Признавая невозможность воссоздания на имперском, европейском уровне демократии по типу национального государства, Бек и Гранде указывают, тем не менее, на пути демократизации «космополитической Европы». «Принцип интервенции» (поощрение прямого участия граждан в политических инициативах, а также инициированных снизу общеевропейских референдумов), «принцип включения» (возможности участия в политике для граждан и организаций неевропейских государств), «стратегии признания инаковости» (такие, как право «квалифицированного» вето и пр.) и «стратегии контроля» за бюрократическими структурами за счёт системы разделения властей.
Ряд европейских политических теоретиков противопоставляет «имперскую» логику США «республиканской» или попросту «этатистской» логике Европы. Они не согласны с историцистским тезисом авторов «Империи» об отмирании суверенного государства и переходе к новой, более прогрессивной имперской форме. Многие европейские авторы упрекают Негри и Хардта в скрытой апологетике американского империализма. С точки зрения этих европейцев, государство и суверенитет остаются важнейшими горизонтами современности, которые с самого начала противостояли имперской логике.
Бландин Кригель в своей недавней книге «Правовое государство или империя?»[25] выступает с консервативно-либеральных позиций и представляет новую историю как борьбу двух разнонаправленных принципов: империализма и этатизма. Кригель защищает идею государства, утверждая её республиканские корни.

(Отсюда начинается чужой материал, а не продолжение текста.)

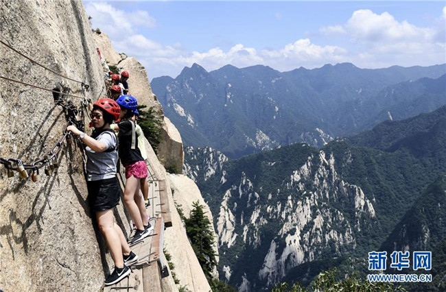 被譽(yù)為“華山第一天險(xiǎn)”的長(zhǎng)空棧道,位于陜西省華陰市五岳華山南峰東側(cè)山腰,在萬(wàn)仞絕壁上鑲嵌石釘搭木椽而筑。 由于長(zhǎng)空棧道貼崖懸空,對(duì)探險(xiǎn)獵奇者極具誘惑性和挑戰(zhàn)性,吸引歷險(xiǎn)探勝者絡(luò)繹不絕。新華社記者 陶明 攝
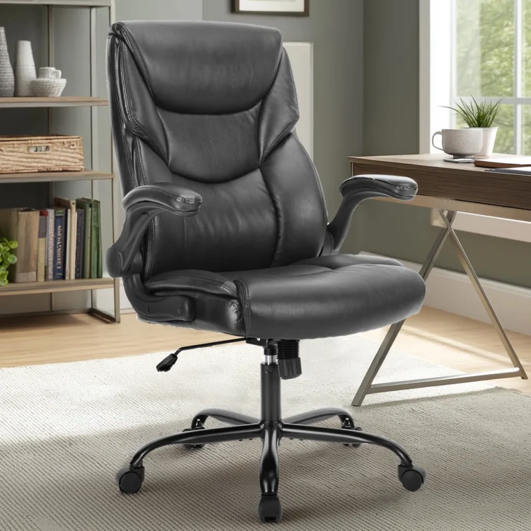 This classic black executive chair is a timeless choice for a home office that needs both comfort and a professional look. The sleek faux leather finish and supportive high-back design make it feel substantial without overpowering the space. It’s a reliable, everyday chair that still looks polished and intentional.
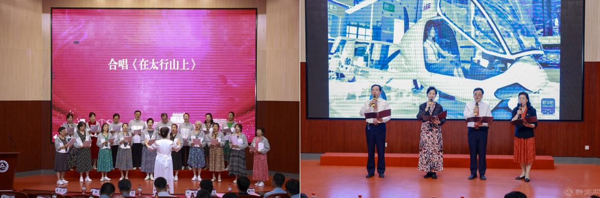 离退休教职工表演的合唱《妈妈教我一支歌》《在太行山上》、诗朗诵《亲爱的党,鲜红的旗》抒发了老同志纪念中国人民抗日战争暨世界反法西斯战争胜利80周年的真挚情感,展现了“退休不褪色、永远跟党走”的饱满精神状态。
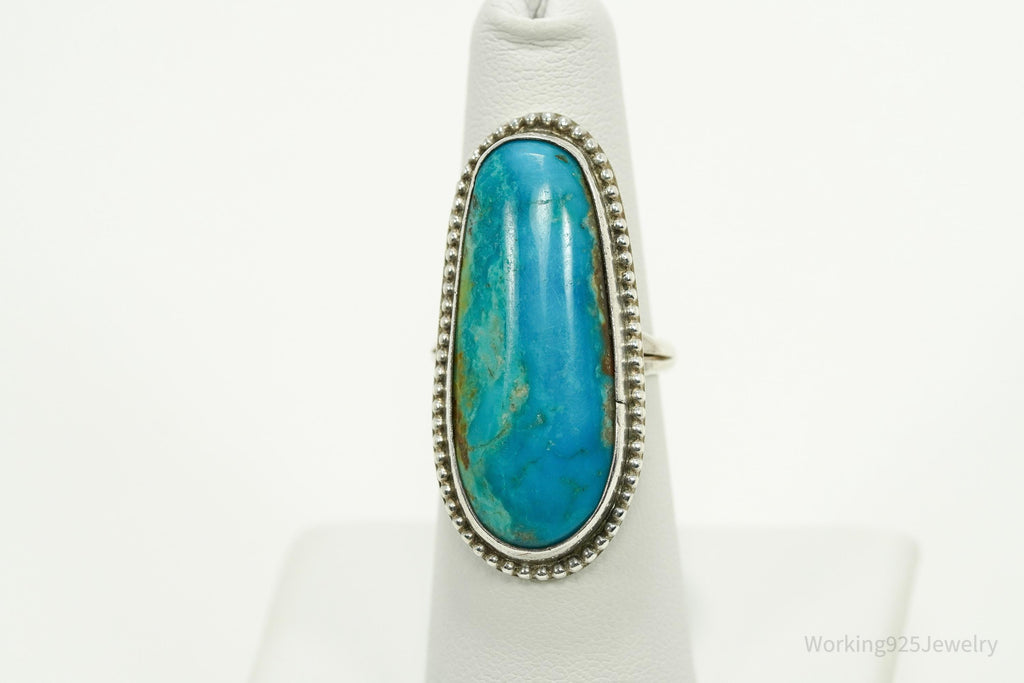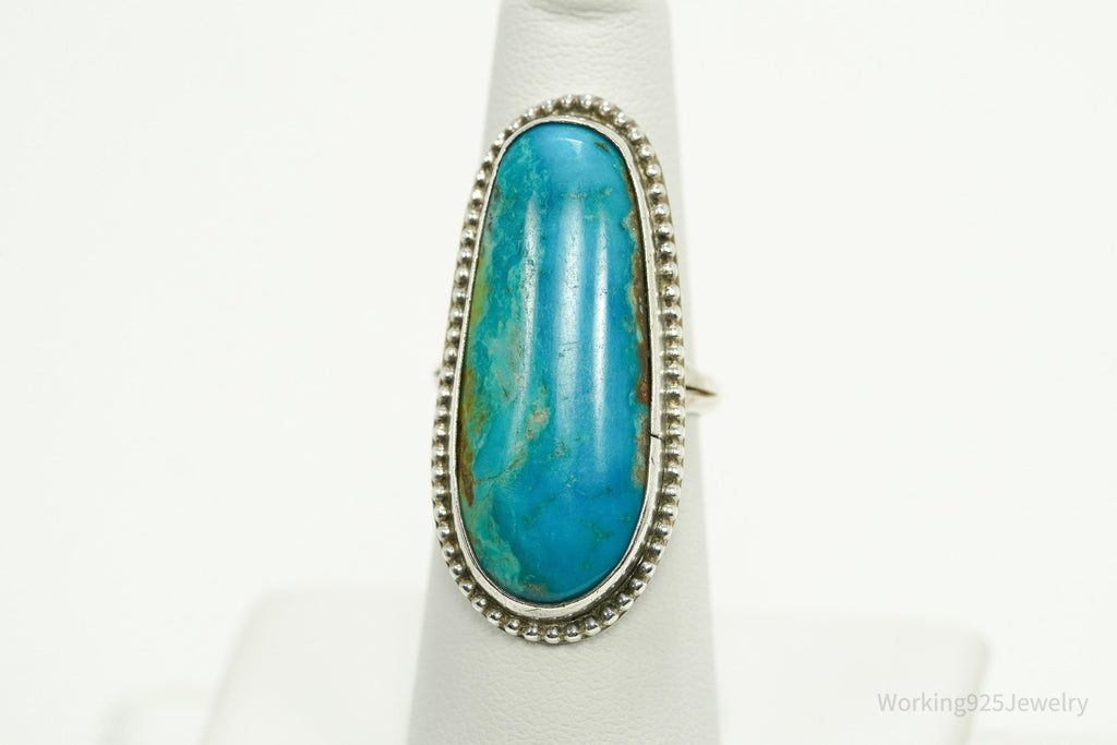Vintage Handmade Native American Turquoise Unsigned Silver Ring - Size 6.75

Теория республиканского происхождения государства, развиваемая в основном во Франции, противостоит попыткам немецких консерваторов XIX–XX веков вывести современное государство из имперского принципа. Вчера немцы, а сегодня англо-американцы ведут подрывную пропаганду и политику империи.
Но самое интересное — в философском обосновании Кригель противоречит между правовым государством и империей. Хотя обычно республиканизм, право Нового времени считаются торжеством освобождающейся субъективности от оков религии и тирании, Кригель, наоборот, рассматривает правовое государство как торжество естественного права, в духе Локка, а империю вместе с революцией относит к подрывному индивидуализму и субъективизму. Таким образом, она выворачивает тезис Негри и Хардта.
У нас в России, где сегодня доминируют консерваторы разных сортов, понятие империи применяется весьма активно — и по отношению к США, и по отношению к России. Уже упомянутый авантюристический индивидуализм общества, в совокупности с частыми ударами по престижу государства, подпитывает геополитические и историософские построения, не считающиеся со спецификой Нового времени, секуляризации, капитализма и т. д. Эти консервативные утопии пока более привлекательны у нас, чем утопия Негри и Хардта, — космополитический мир, лишённый исторической конкретности, но зато наполненный мистическим энтузиазмом. У большинства же вызывает отторжение вообще любая утопия — но с точкой зрения будущего теряется и способность к критическому анализу настоящего.
В целом, возвращение к вопросу об империи — о власти, о пространстве, о действии и об отчуждении — является важной тенденцией нашего времени. Как и сама империя, этот возврат не может быть буквальным консервативным откатом к «доброму старому» языку господства и насилия. Как «империя», так и «революция» формулируют историческую программу Нового времени: возрождение и открытие мира, любовь к дальнему и отдаление от себя. Сегодня вновь обостряется основное противоречие Нового времени. С одной стороны, эмансипация материального мира, его буржуазное одомашнивание и технический контроль. С другой стороны, открытие странного, бесчеловечного, чужого мира, вторжение в него, и его ответное вторжение в человека. Книга Негри и Хардта колеблется в зазоре между этими двумя парадигмами.
В связи с этим в книге проступает ведущая политико-практическая альтернатива революционных сил: предоставить наконец человеку свободу преобразования себя и мира или бороться с ним же самим ради его освобождения. Конечно, человек должен отдаться своему спонтанному могуществу. Но, во-первых, сосредоточено ли это могущество в нём самом или оно распределено между ним и теми внешними силами (другими людьми, мирами), которые наблюдают за ним и призывают выйти за собственные пределы? Во-вторых, можно ли построить общество на созидательной силе, не институционализовав его саморазрушительные тенденции (возможна ли вообще свободная сила без постоянной готовности отказаться от свободы)?